Description:
The role requires a comprehensive understanding of regulatory requirements, strong technical writing skills, strong project management skills, and the ability to coordinate cross franchise teams to ensure compliance with EUMDR & IVDR.
The Job:
- Develop & manage project plans, time-lines and budgets.
- Co-ordinate with internal and external stakeholders to ensure all milestones are met
- Identify, manage and mitigate project risks and issues.
- Ensure the organisations data submissions to EUDAMED comply with EUMDR requirements.

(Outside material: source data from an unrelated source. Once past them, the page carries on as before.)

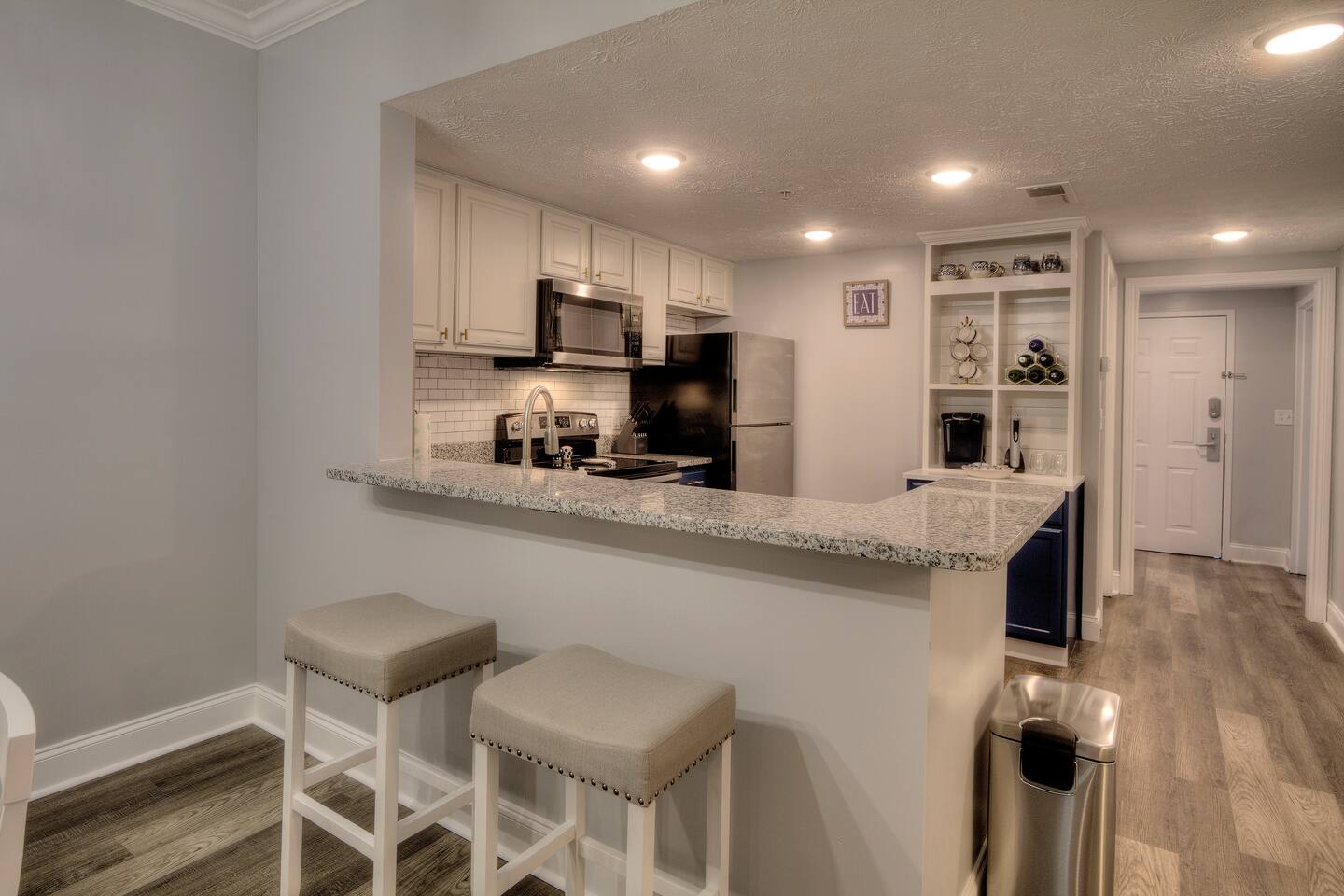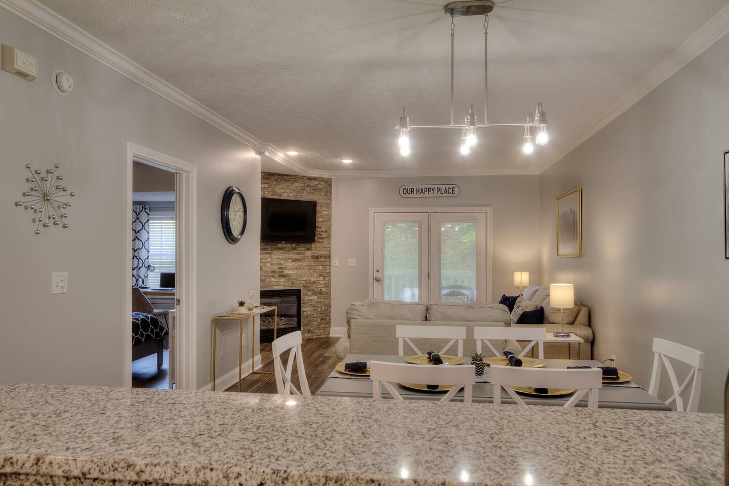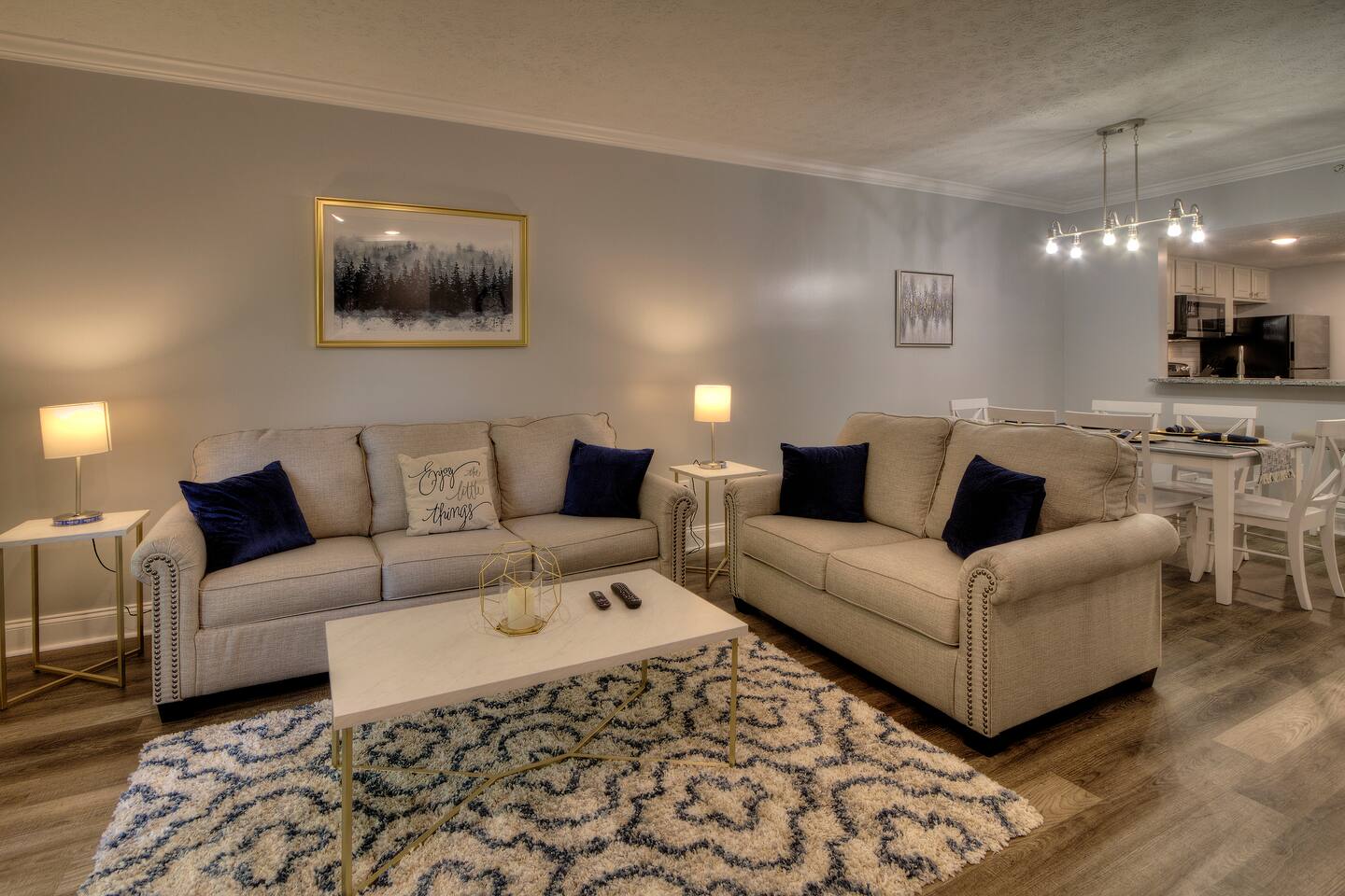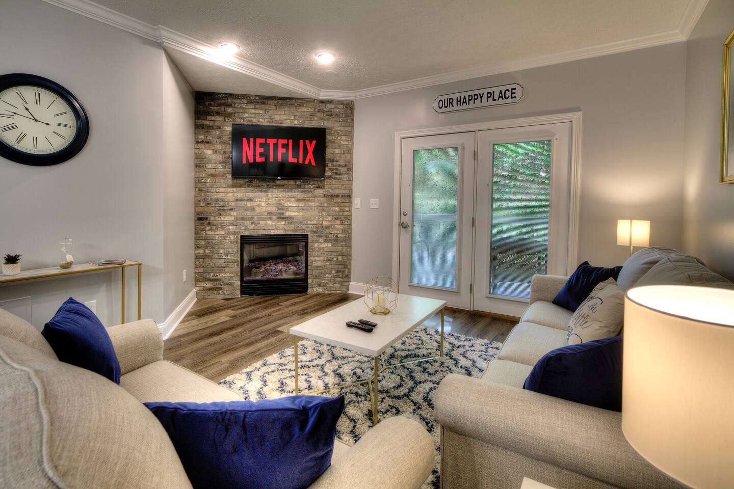 Completely remodeled all new Condo in great location. Close to Dollywood, Ripken, LeConte Center, and everything in Pigeon Forge as well as easy access to Gatlinburg. Fast private high speed internet, HD Cable TV Package, and Free Netflix provided. Kitchen: New granite counter-tops, appliances, cabinets. Full-size refrigerator/freezer, K-Cup Coffee Maker and regular coffee maker, full size stove/oven, full size dishwasher, microwave, toaster, plates, cups, pots, pans, and all basic cookware. Bedroom #1 Spacious Master Bedroom with Queen Bed, Memory Foam mattress, ceiling fan, full guest closet, sitting area with computer desk work space, and 43" HDTV Smart TV. Connects to bathroom #1. Bathroom 1: Large shared bathroom with the living room. Double vanity with make-up station, granite counter-tops, and tiled shower. Towels, hand towels, wash cloths, make up cloths as well as a basic starter set of Shampoo, Conditioner, Lotion, and soap supplied. Bedroom #2 Queen Bed, memory foam mattress, ceiling fan, full closet, private bathroom, 43" HDTV Smart TV. Bathroom 2: Private Bathroom connected to Bedroom #2. Full Bathtub/Shower. Granite countertop vanity. Towels, hand towels, wash cloths, make up cloths as well as a basic starter set of Shampoo, Conditioner, Lotion, and soap supplied. Living Room: Couch and love seat provides seating for a 50" Smart HDTV with Expanded Cable TV and Free Netflix. Beautiful brick fireplace with gas logs, and private balcony that seats 4. Dining Table that seats 6, as well as granite counter-top bar that sits 2 more(seats 8 comfortably)
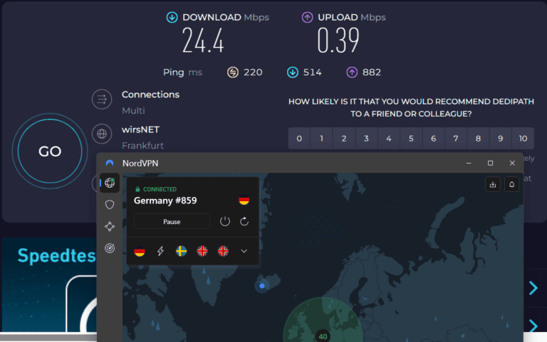 NordVPN 在德国开展工作击败沃达丰和电信速度限制、逃避网络攻击并解锁国际流媒体平台(Hulu US、Disney+)。
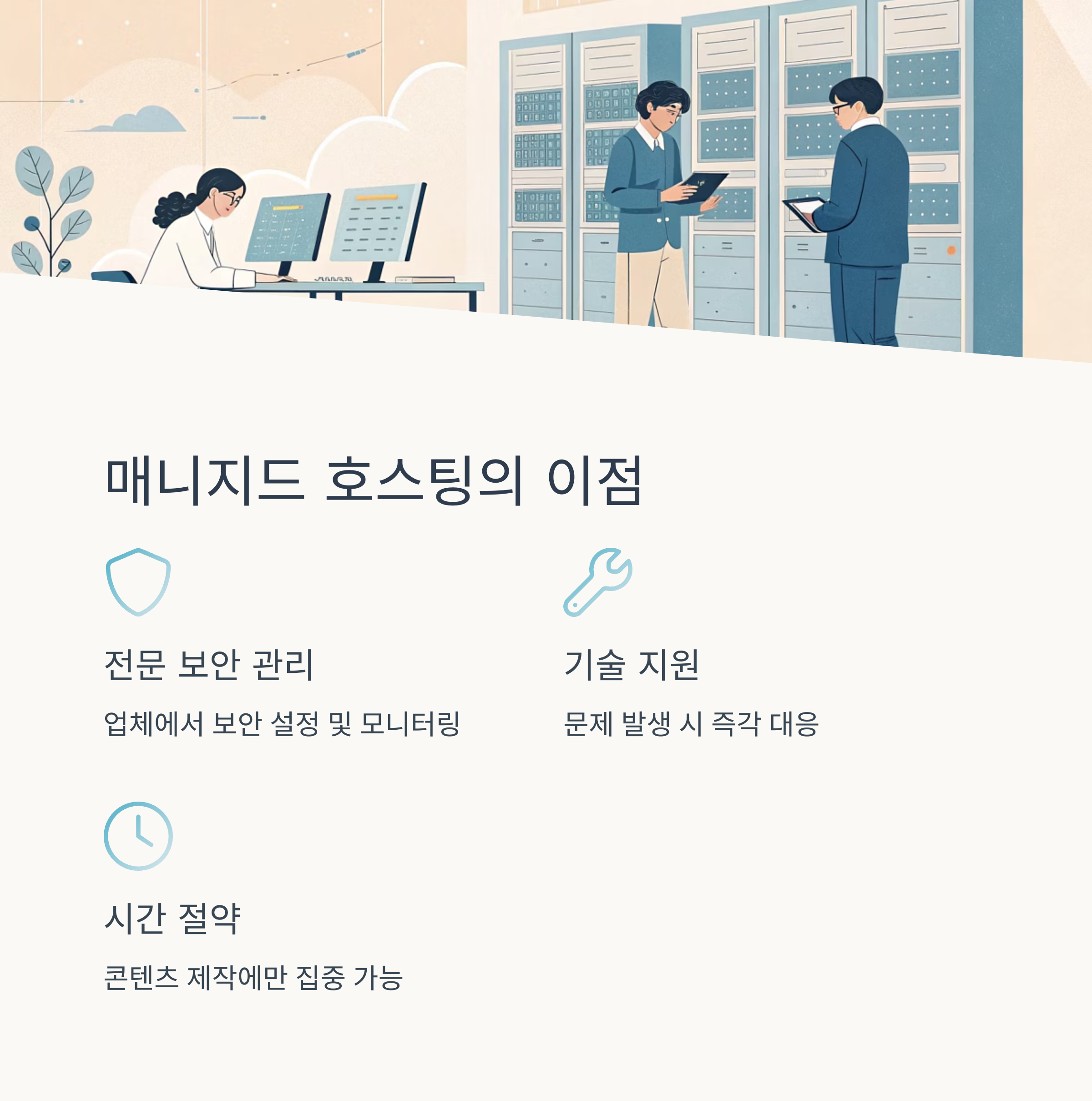 매니지드 호스팅은 서버의 모든 기술적인 부분을 호스팅 제공업체가 대신 관리해주는 서비스예요. 서버 설치, 업데이트, 보안 패치, 백업까지 모두 맡길 수 있어서 웹사이트 운영에만 집중할 수 있답니다.
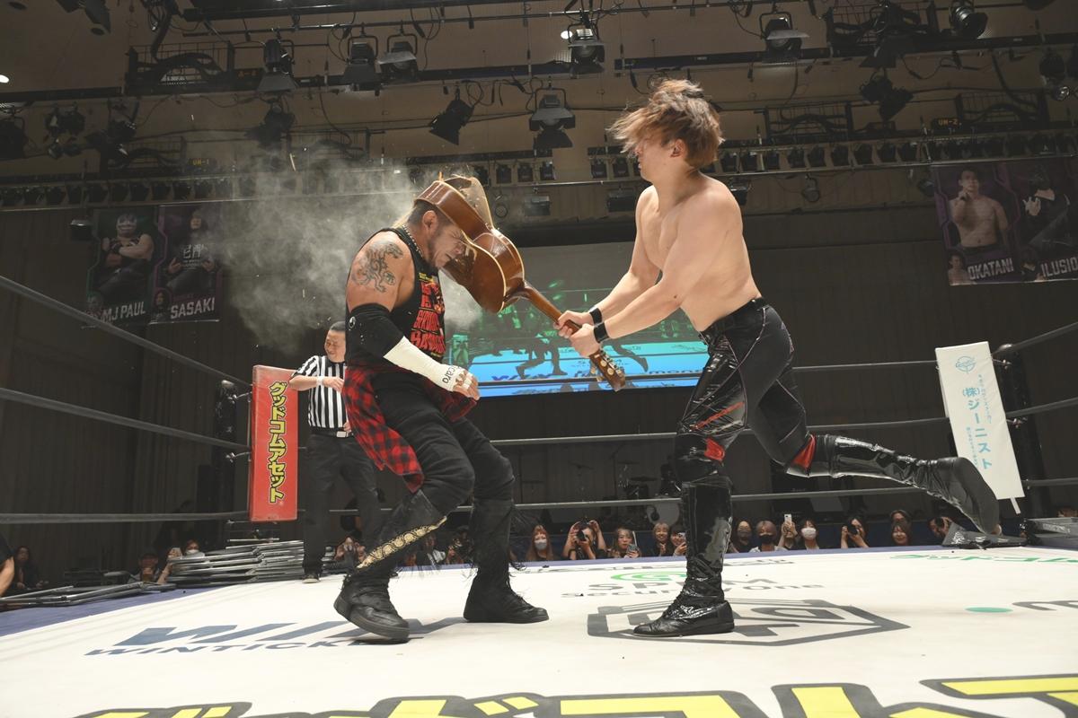 DDTプロレスが10月2日、東京・後楽園ホールで佐々木大輔デビュー20周年記念大会「CHARISMANIAxMANIAxMANIA supported by HEADPHONES PRESIDENT」を開催した。ダムネーションT.Aの岡谷英樹が、“デスマッチのカリスマ”葛西純とのハードコアマッチでの一騎打ちに挑むも惜敗した。

- Stay updated on regulatory changes and provide guidance on EUDAMED - related compliance matters.
- Collaborate with quality assurance, IT and other relevant departments to ensure seamless integration and operation of EUDAMED processes.
- Develop and deliver change management processes to maintain data integrity
Have You:
- A minimum of a Bachelor's Degree, preferably in Engineering or related technical field. Generally, requires 10 years related experience.
- Experience working in both an FDA and European regulatory environment is preferred.
- This position will require relevant experience working in manufacturing/operations.
- In-depth knowledge of product/process Risk Management (FDA and ISO standards) is required.
- Experience with a proven track record of implementing appropriate risk mitigation.
- Technical training and experience using Statistics, Lean and Six Sigma Methodologies is preferred including Measurement System Analysis, SPC, DOEs, Reliability, etc.
- Strong knowledge of statistical software packages is preferred with the ability to preview, graph and analyze data and be able to present data that facilitates/drives decision making.
- The ability to perform "hands on" troubleshooting and problem solving is preferred.
- Understanding of the NPI (New Product Introduction) process and Process Validation expertise is preferred.
- This position may require up to 10% travel.